## Problem requirements
In the records below, repeat exactly the lines between the line holding "تقرير تفصيلي عن" and the line holding "Bittersweet(海外ロリータブランド) / リボン半袖ワンピース", inclusive, and drop the pictures.

## Source material
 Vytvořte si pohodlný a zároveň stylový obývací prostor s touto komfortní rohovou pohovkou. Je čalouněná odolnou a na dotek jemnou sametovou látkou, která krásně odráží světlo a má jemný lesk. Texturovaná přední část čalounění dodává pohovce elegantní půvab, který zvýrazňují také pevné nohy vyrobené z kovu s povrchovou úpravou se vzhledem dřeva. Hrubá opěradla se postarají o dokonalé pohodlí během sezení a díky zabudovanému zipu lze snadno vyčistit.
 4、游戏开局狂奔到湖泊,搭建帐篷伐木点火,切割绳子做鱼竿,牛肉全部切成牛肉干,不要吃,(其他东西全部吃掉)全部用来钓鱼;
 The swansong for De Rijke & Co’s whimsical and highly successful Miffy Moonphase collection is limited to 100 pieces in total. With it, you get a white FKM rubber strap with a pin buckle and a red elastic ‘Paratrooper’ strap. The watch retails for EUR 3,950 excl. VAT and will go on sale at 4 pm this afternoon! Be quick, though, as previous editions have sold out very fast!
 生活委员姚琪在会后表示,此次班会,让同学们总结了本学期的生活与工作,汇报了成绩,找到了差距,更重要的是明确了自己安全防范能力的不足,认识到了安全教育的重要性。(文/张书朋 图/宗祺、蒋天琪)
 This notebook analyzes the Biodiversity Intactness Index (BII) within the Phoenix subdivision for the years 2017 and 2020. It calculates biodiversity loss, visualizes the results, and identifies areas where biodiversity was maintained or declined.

* * *

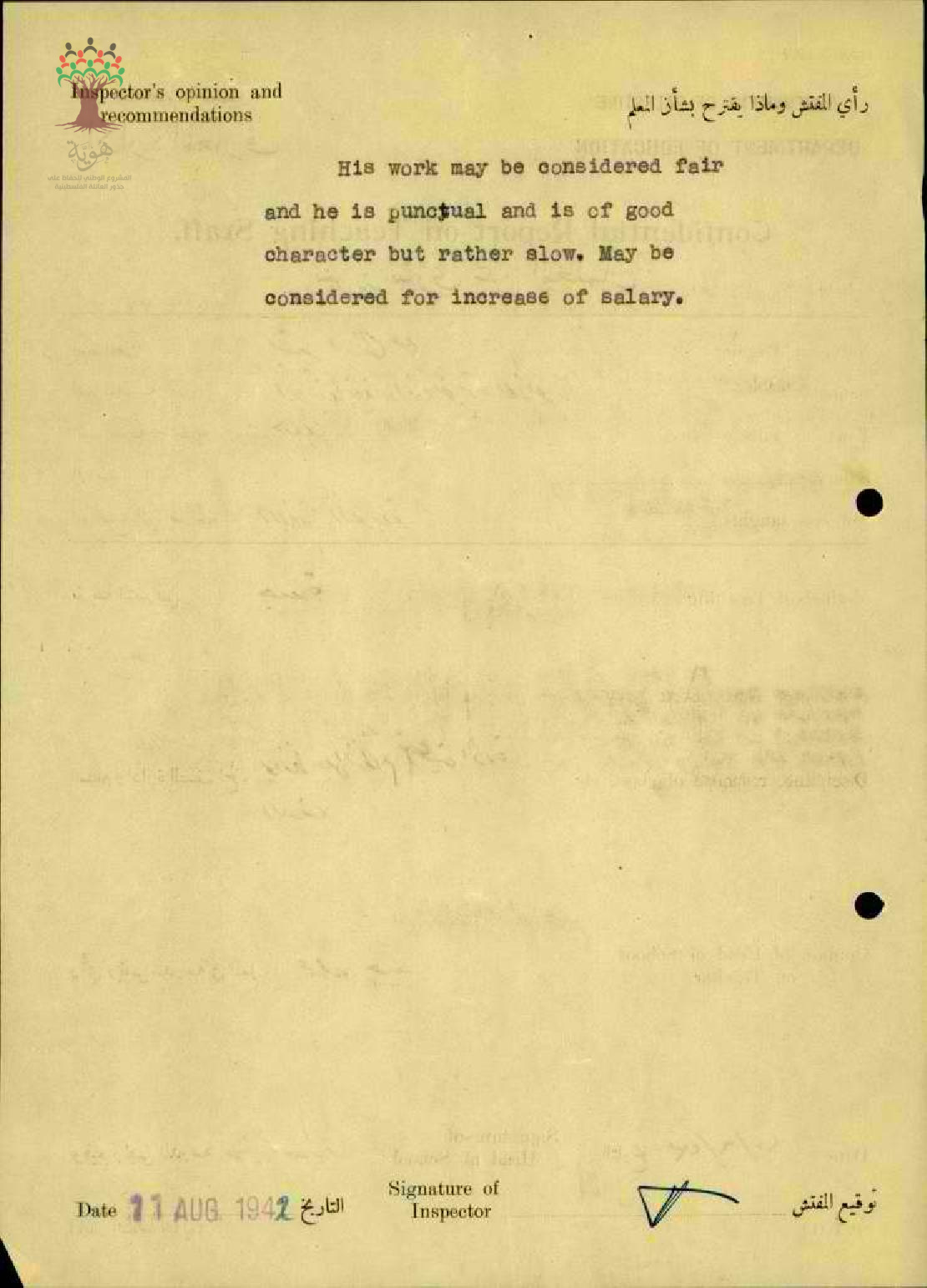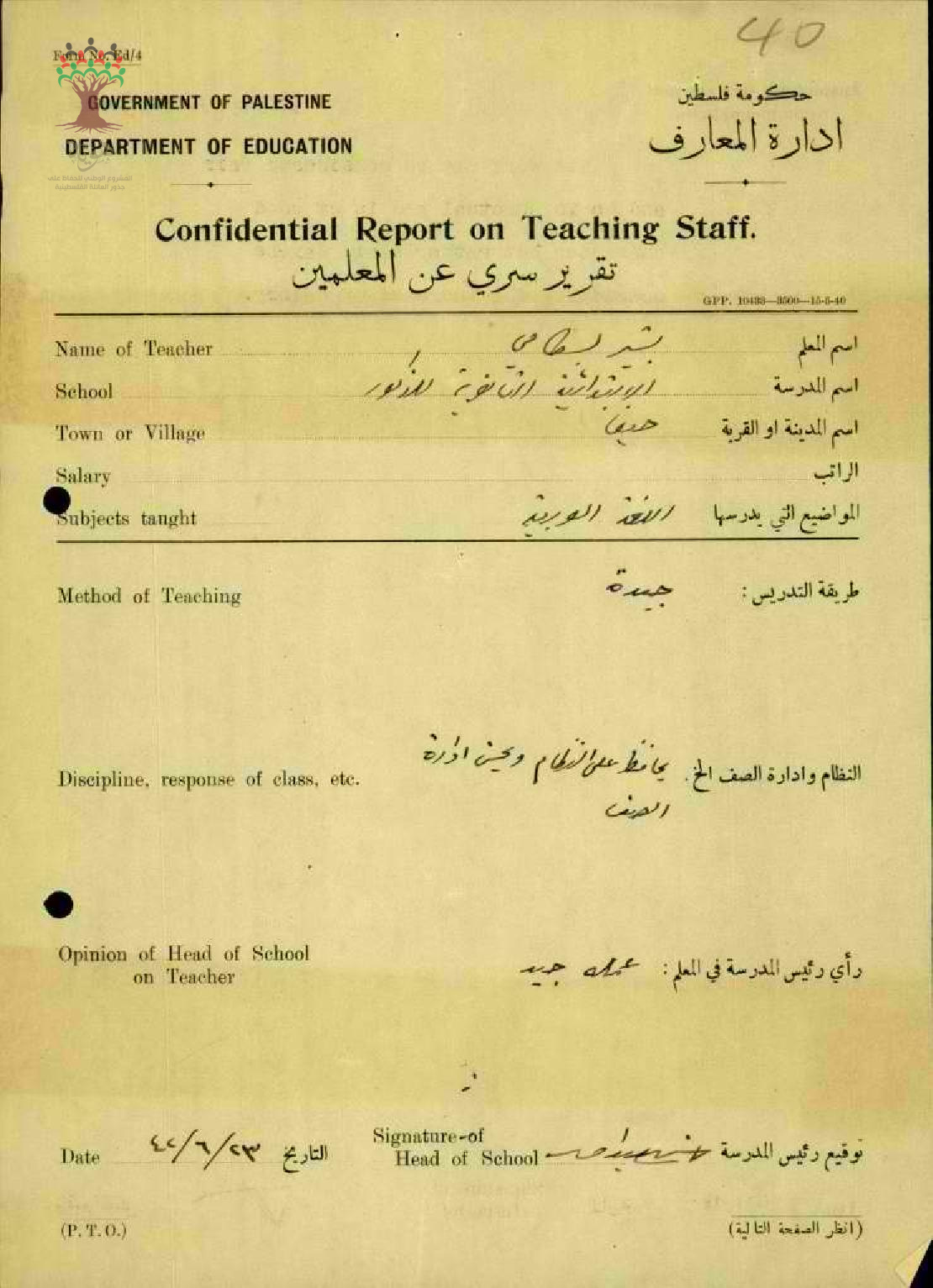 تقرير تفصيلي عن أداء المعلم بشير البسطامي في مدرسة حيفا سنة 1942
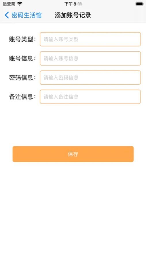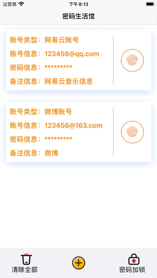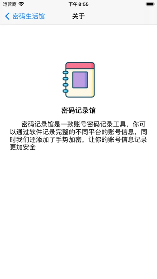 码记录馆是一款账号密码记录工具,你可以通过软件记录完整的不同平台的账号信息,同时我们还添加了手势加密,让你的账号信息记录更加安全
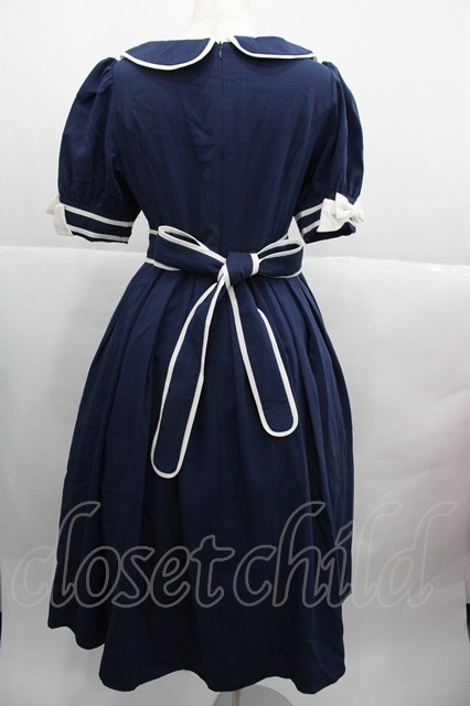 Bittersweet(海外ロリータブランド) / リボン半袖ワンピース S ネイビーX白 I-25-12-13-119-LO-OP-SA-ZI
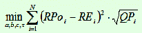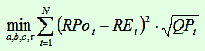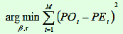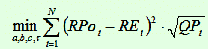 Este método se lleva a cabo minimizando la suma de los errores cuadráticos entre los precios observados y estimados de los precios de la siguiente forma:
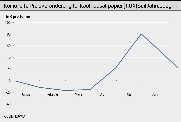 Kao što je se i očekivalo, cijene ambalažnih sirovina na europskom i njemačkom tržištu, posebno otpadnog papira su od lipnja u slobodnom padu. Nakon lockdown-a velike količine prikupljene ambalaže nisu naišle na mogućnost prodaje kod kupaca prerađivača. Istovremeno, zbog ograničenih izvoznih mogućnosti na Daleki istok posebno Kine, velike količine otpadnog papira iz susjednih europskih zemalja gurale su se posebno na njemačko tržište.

## Solved problem
 تقرير تفصيلي عن أداء المعلم بشير البسطامي في مدرسة حيفا سنة 1942
 码记录馆是一款账号密码记录工具,你可以通过软件记录完整的不同平台的账号信息,同时我们还添加了手势加密,让你的账号信息记录更加安全
 Bittersweet(海外ロリータブランド) / リボン半袖ワンピース S ネイビーX白 I-25-12-13-119-LO-OP-SA-ZI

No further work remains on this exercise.